(Data Opens)
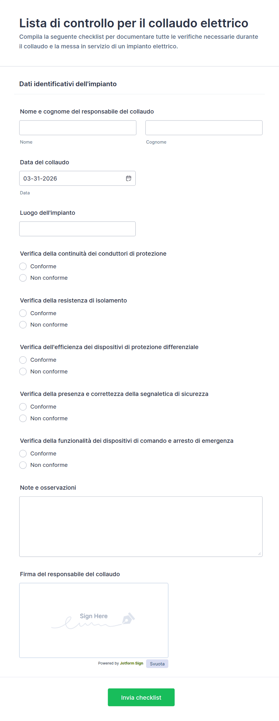 Registra controlli e risultati dei collaudi degli impianti con la Lista di controllo per il collaudo elettrico Modulo di Jotform, utile a tecnici e aziende per la raccolta dati e la gestione di ogni invio del modulo.
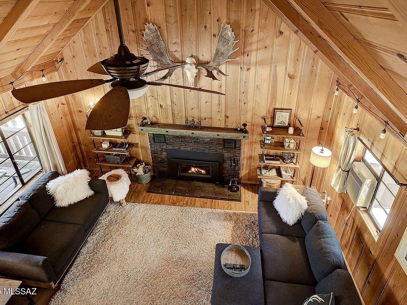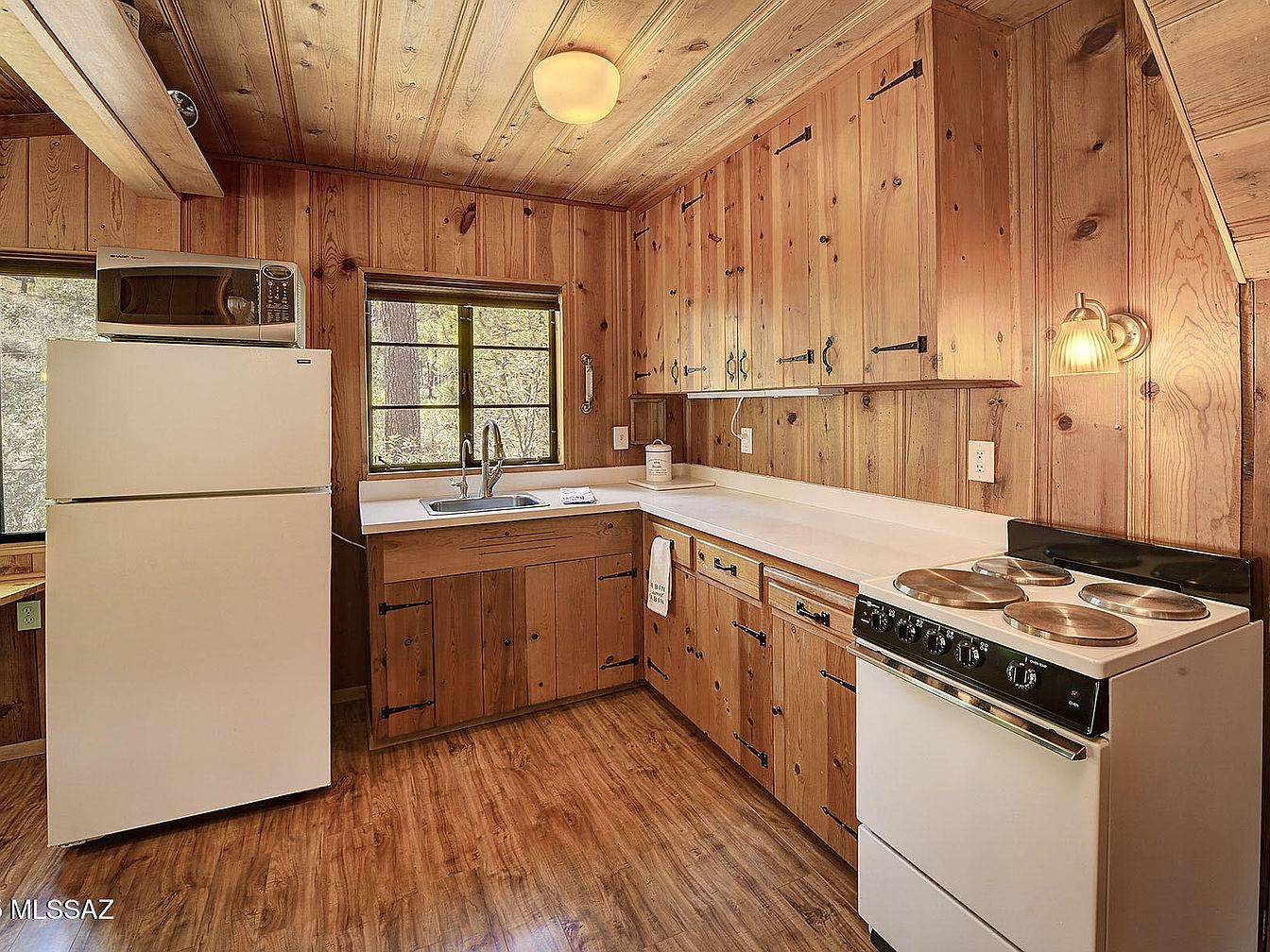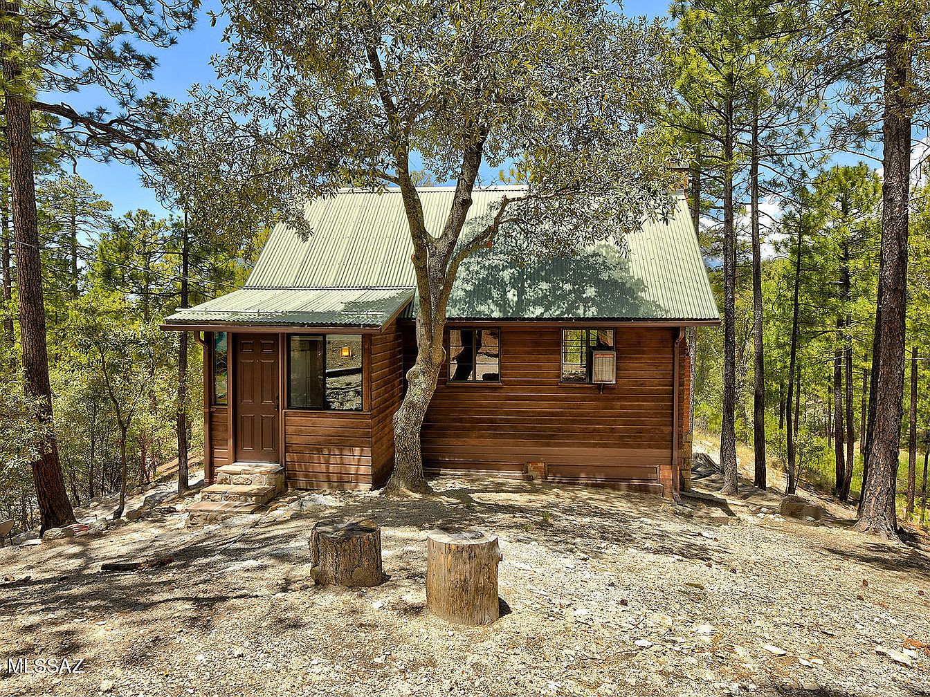 Nestled at 7,000 feet among mature oaks and pines in Willow Canyon, just 16 miles up Mt Lemmon Hwy in Mount Lemmon, AZ, this historic Craftsman cabin artfully blends early 20th-century charm with modern updates. Built to exude rustic warmth, it features old-growth knotty pine walls, custom kitchen cabinetry, and a classic vaulted living room, perfect for family gatherings and tranquil getaways. Recent renovations include updated electrical service, new laminate flooring, an upgraded wood-burning fireplace, and a fully equipped kitchen. Sold mostly furnished and boasting a large porch with forest views, this retreat offers access to hiking, fishing at Rose Canyon Lake, and serene relaxation. The property is listed at $239,500 and sits on Forest Service land with an annual permit fee.
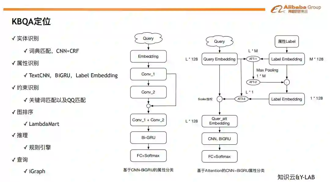 对于 KBQA 的实体识别,我们采用了基于词典的规则方法和基于 CNN+CRF 的实体识别模型。对于属性识别,我们采用了基于 CNN+BiGRU+ Attention 等比较成熟的深度学习分类模型。对于约束识别,采用了关键词匹配和相似匹配的方法。
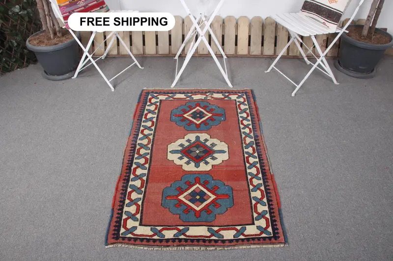 Pink and Blue Rug, 2,7x4,1 ft Bordered Design
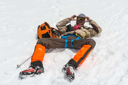 Tired exhausted climber lying under Mont Blanc du Tacul mountain. Wide opened legs in boots with crampons and mountaineering clothes with blue sky with bright sun background. Active people concept.
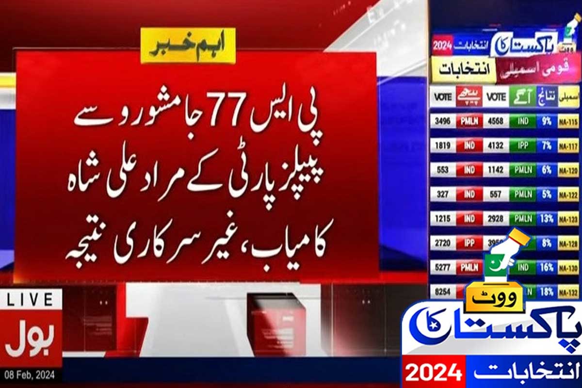 غیر سرکاری اور غیر حتمی نتائج کے مطابق پی ایس 77 جامشورو سے پاکستان پیپلزپارٹی کے مراد علی شاہ کامیاب قرار پائے ہیں۔ پی ایس 77 جامشورو 1کے تمام 169 پولنگ اسٹیشنز کے نتائج سامنے آگئے ہیں۔
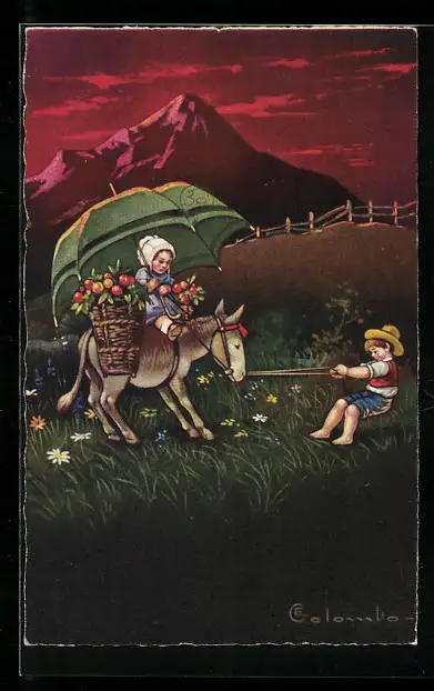 Künstler-AK E. Colombo: Junge zieht Mädchen auf einem Esel
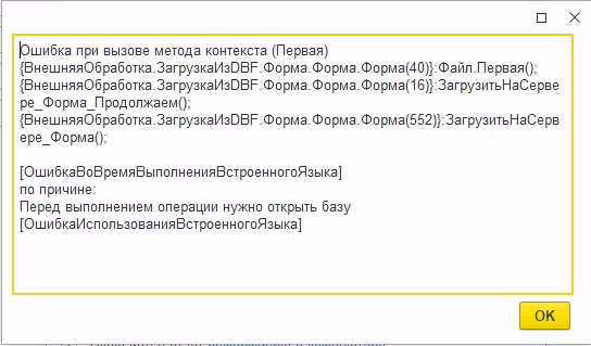Приобрели обработку, но при попытке обработать dbf файл выходит ошибка
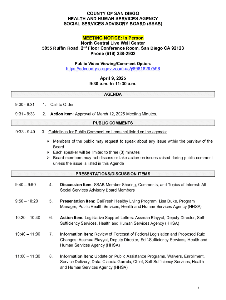 COUNTY OF SAN DIEGO HEALTH AND HUMAN SERVICES AGENCY SOCIAL SERVICES ADVISORY BOARD (SSAB) MEETING NOTICE: In Person North Central Live Well Center 5055 Ruffin Road, 2nd Floor Conference Room, San
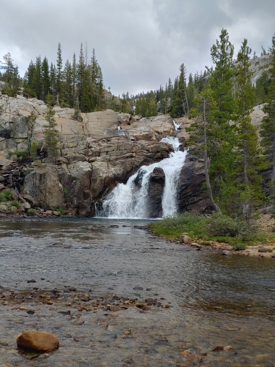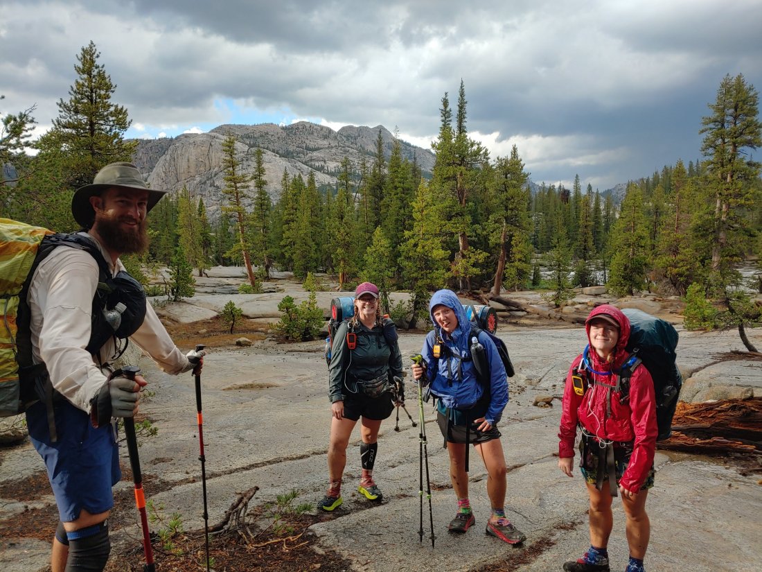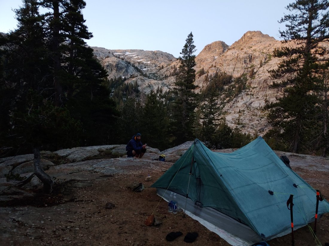 We pushed hard & walked fast, arriving to the store by 7:45. I picked up veggies and hummus, vegetable soup, and Pringles for dinner, while Matt opted for a chimichanga, sandwich, and bbq chips. Big Momma and Woodpecker went to set up camp while Matt and I feasted under the awning of the store while it rained yet again. When the rain stopped, Matt & I made our way to the bacpackers campground, found Woodpecker & Big Momma, set up our soaking wet tent and still damp sleeping bags, and eventually went to bed. Arc had fallen a little behind on the way into Tuolumne & we had hoped to meet up with her at the campground, but it was too damn dark to see anything. We hoped to find her in the AM!!
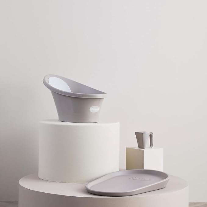 Shnuggle Newborn Baby Bath | Built in Support Bump and Soft Backrest | Suitable from Newborn | Bath Seat Support Includes Plug | Taupe
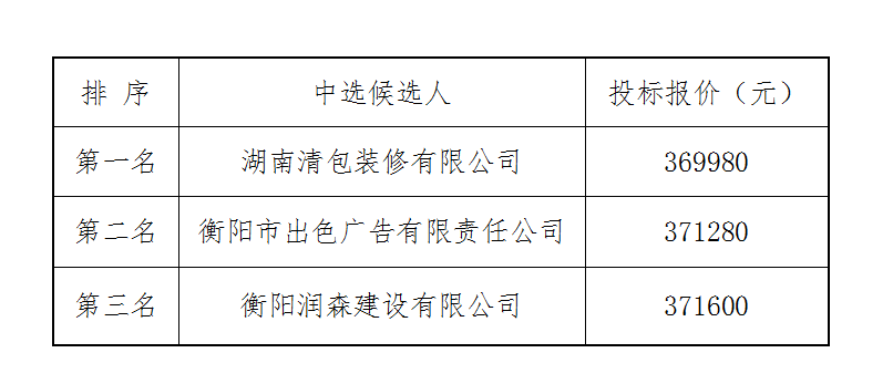 衡拖棚改(一期)掃尾零星工程施工單位比選於2022年7月1日上午9時00分(北京時間)進行瞭比選開标、評标活動,評标委員會按照比選文件規定的評标辦法及原則進行評定,推薦中選候選人排名如下:
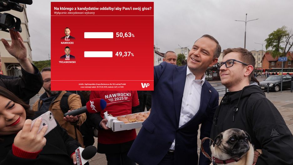 Sondaż przeprowadzony przez OGB dla Wirtualnej Polski w dniach 28-29 maja 2025 roku pokazuje, że - biorąc pod uwagę zdecydowanych wyborców - w tym momencie to Karol Nawrocki prowadzi przed II turą wyborów prezydenckich. Z poparciem 50,63 proc. wyprzedza Rafała Trzaskowskiego, który zdobyłby 49,37 proc. głosów.
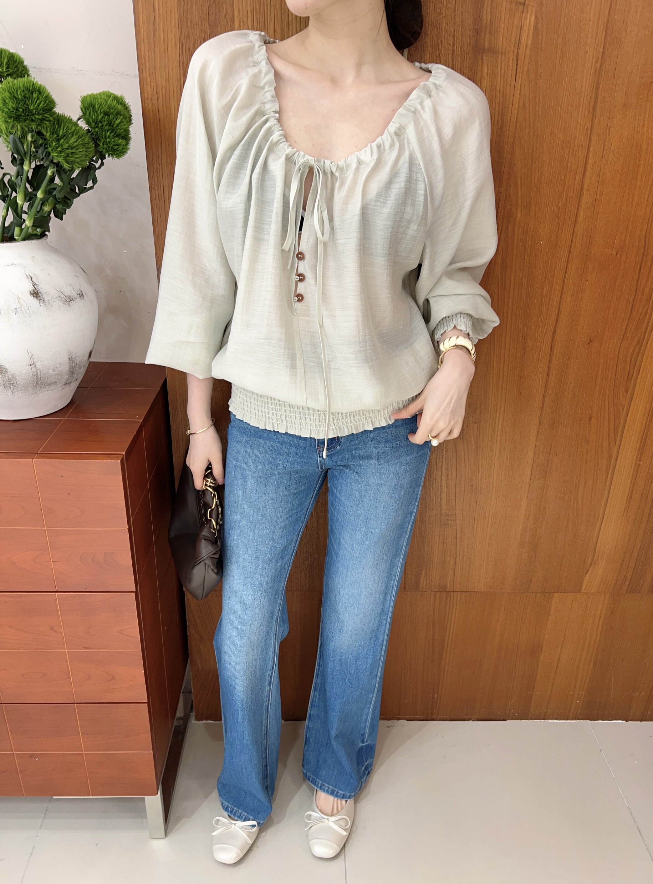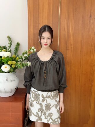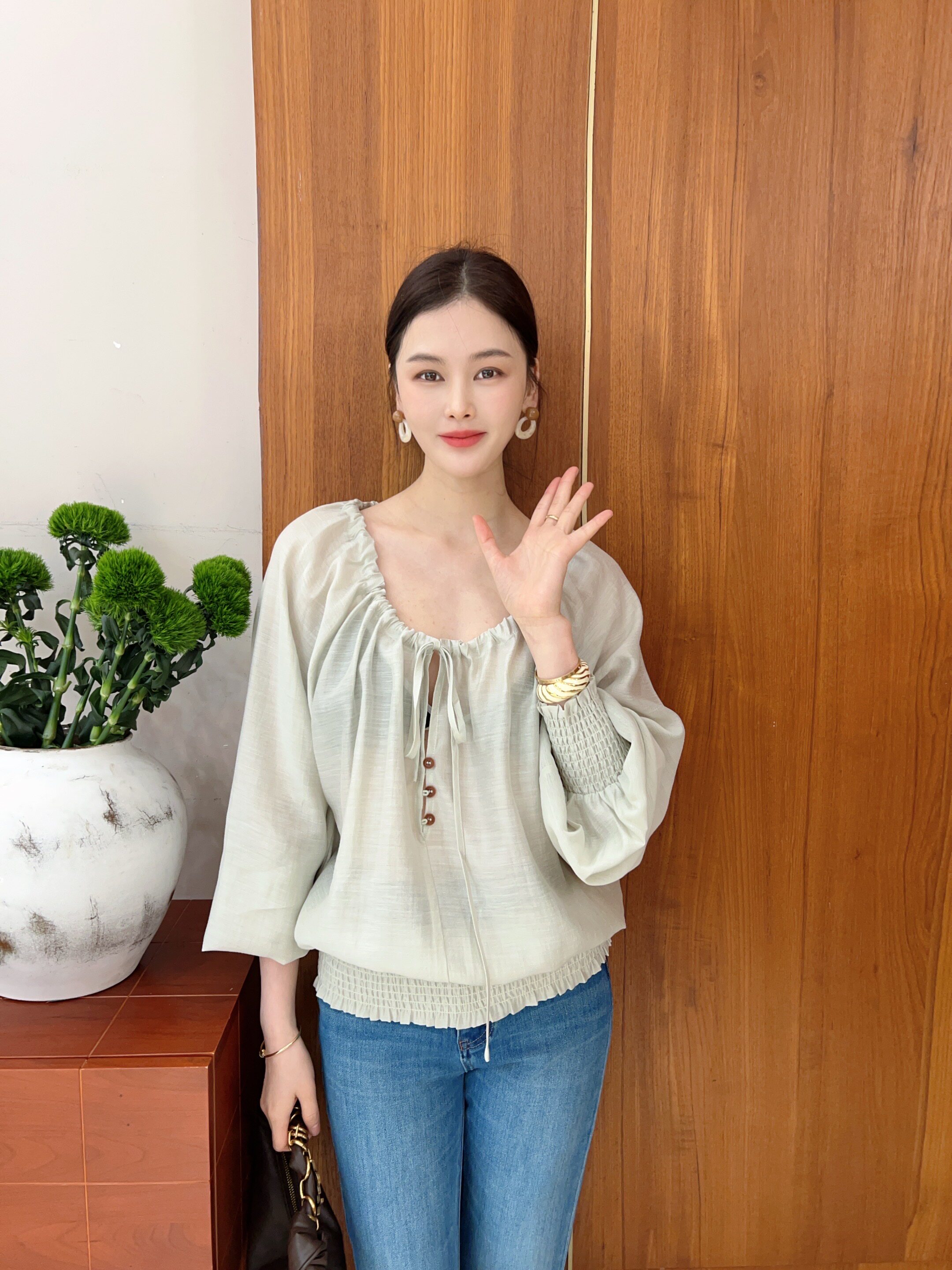 2026春季新款韩版时尚百搭圆领系带宽松纯色衬衫女长袖套头上衣潮
(Data Closes)
Your task:
Every line from the one containing "Приобрели обработку, но" through the end of the listing is to be copied exactly; the pictures are not.

Response area:
Приобрели обработку, но при попытке обработать dbf файл выходит ошибка
 COUNTY OF SAN DIEGO HEALTH AND HUMAN SERVICES AGENCY SOCIAL SERVICES ADVISORY BOARD (SSAB) MEETING NOTICE: In Person North Central Live Well Center 5055 Ruffin Road, 2nd Floor Conference Room, San
 We pushed hard & walked fast, arriving to the store by 7:45. I picked up veggies and hummus, vegetable soup, and Pringles for dinner, while Matt opted for a chimichanga, sandwich, and bbq chips. Big Momma and Woodpecker went to set up camp while Matt and I feasted under the awning of the store while it rained yet again. When the rain stopped, Matt & I made our way to the bacpackers campground, found Woodpecker & Big Momma, set up our soaking wet tent and still damp sleeping bags, and eventually went to bed. Arc had fallen a little behind on the way into Tuolumne & we had hoped to meet up with her at the campground, but it was too damn dark to see anything. We hoped to find her in the AM!!
 Shnuggle Newborn Baby Bath | Built in Support Bump and Soft Backrest | Suitable from Newborn | Bath Seat Support Includes Plug | Taupe
 衡拖棚改(一期)掃尾零星工程施工單位比選於2022年7月1日上午9時00分(北京時間)進行瞭比選開标、評标活動,評标委員會按照比選文件規定的評标辦法及原則進行評定,推薦中選候選人排名如下:
 Sondaż przeprowadzony przez OGB dla Wirtualnej Polski w dniach 28-29 maja 2025 roku pokazuje, że - biorąc pod uwagę zdecydowanych wyborców - w tym momencie to Karol Nawrocki prowadzi przed II turą wyborów prezydenckich. Z poparciem 50,63 proc. wyprzedza Rafała Trzaskowskiego, który zdobyłby 49,37 proc. głosów.
 2026春季新款韩版时尚百搭圆领系带宽松纯色衬衫女长袖套头上衣潮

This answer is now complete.